Illustration of the reward pathway in the human brain

FERNANDO DA CUNHA/SCIENCE PHOTO LIBRARY

Persistent use of drugs such as cocaine and morphine is thought to affect the way the brain prioritises the body’s basic needs — and we are now getting to the bottom of how this comes about.

When people repeatedly misuse drugs, they might see long-term changes in their behaviour that lead them to choose to take drugs instead of doing essential things like eating and drinking.

A brain pathway called the mesolimbic reward system is suspected to be involved in this process, but few studies have directly compared the system’s response to taking drugs with the response of innate needs being met.

Now, Bowen Tan at Rockefeller University in New York and his colleagues have shown that the same neurons are activated in these two circumstances. They uncovered this using a sophisticated microscopy set-up that allowed them to track the activity of individual neurons in the brains of mice going through withdrawal following repeated exposures to these drugs.

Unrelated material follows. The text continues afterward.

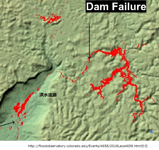 上は決壊の日からツイッターなどに出回っていた写真ですが、どの場所で何時ごろに撮影されたか不詳でした。vop.co.krの《ラオスのダム崩壊、設計・施工に釈然としない疑惑》(韓国語)によると、地域の市民活動家団体である「LaosFAB」が写真をフェイスブックページにあげ住民の避難を促したそうです。これを見ると、すでに越流は起きて堤防は壊れ始めていますが、貯水池の水位は少し下がっています。23日午前3時から緊急放流が始まったそうですから住民避難要請が出た昼頃の写真なのでしょう。決壊は緊急放流から15時間後でした。

“The field has long been debating whether there is a specialised cell type that encodes drug value only and a specialised cell type that encodes natural reward value only,” says Tan. “What we saw is that these drugs of abuse commonly activate the same set of neurons as the natural rewards.”

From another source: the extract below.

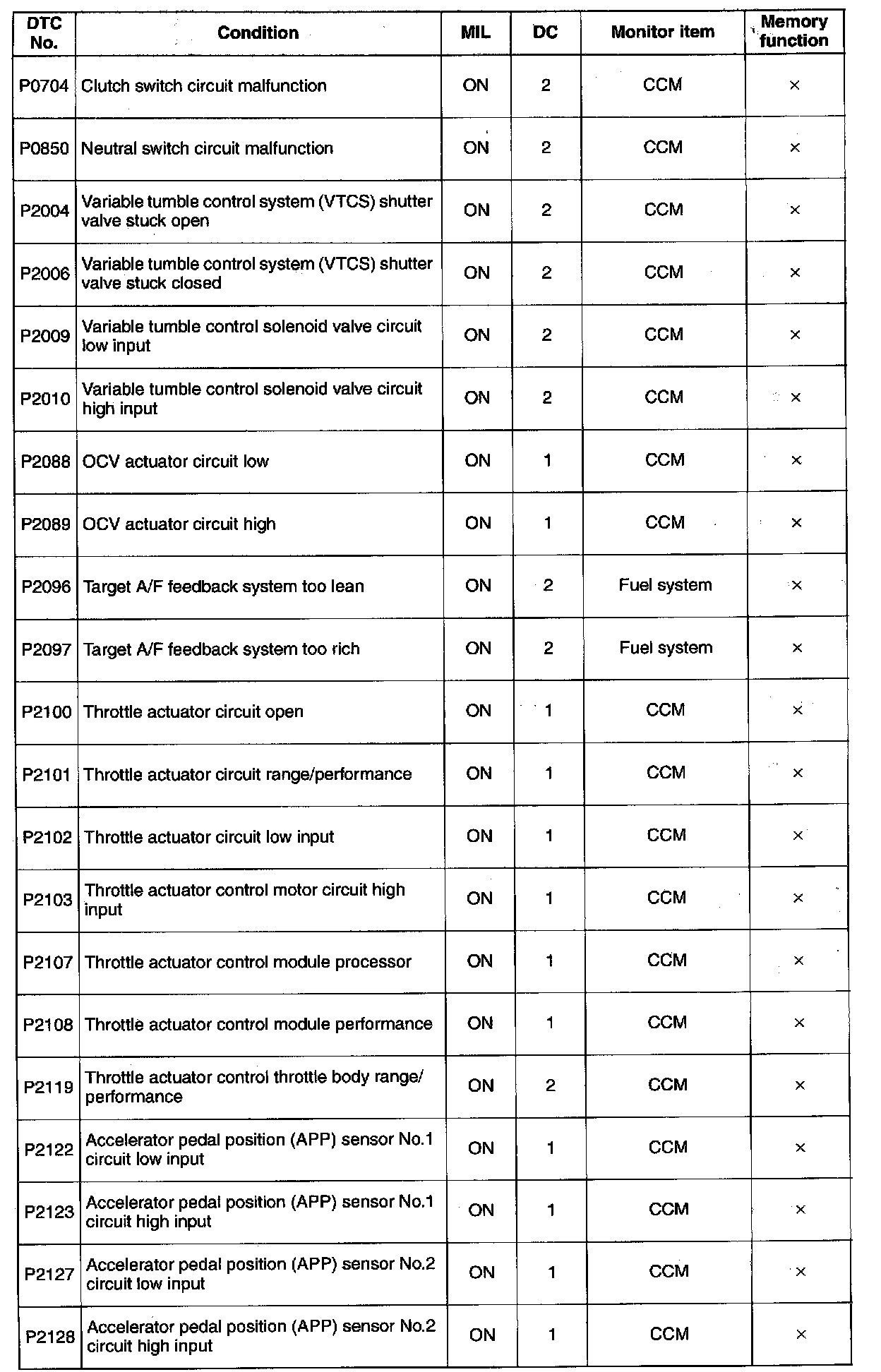 DTC P0704 - P2128:

The researchers also observed that the neural response to satisfying basic needs became disorganised after the mice were given cocaine or morphine, which occurred alongside a decreased consumption of food and water.

“What is really notable about this finding is that strong neural responses to food or water almost become displaced by responses to drugs,” says Jeremy Day at the University of Alabama at Birmingham. “[This suggests] that drug rewards are able to override how the brain translates need states into behaviours that satisfy those needs.”

Tan and his team also identified a gene, called Rheb, that seems to be necessary for drugs to have this effect. Rheb is part of a cell-signalling pathway that is also found in people, so future work could investigate how inhibiting this pathway could be used as a therapy for substance misuse, he says.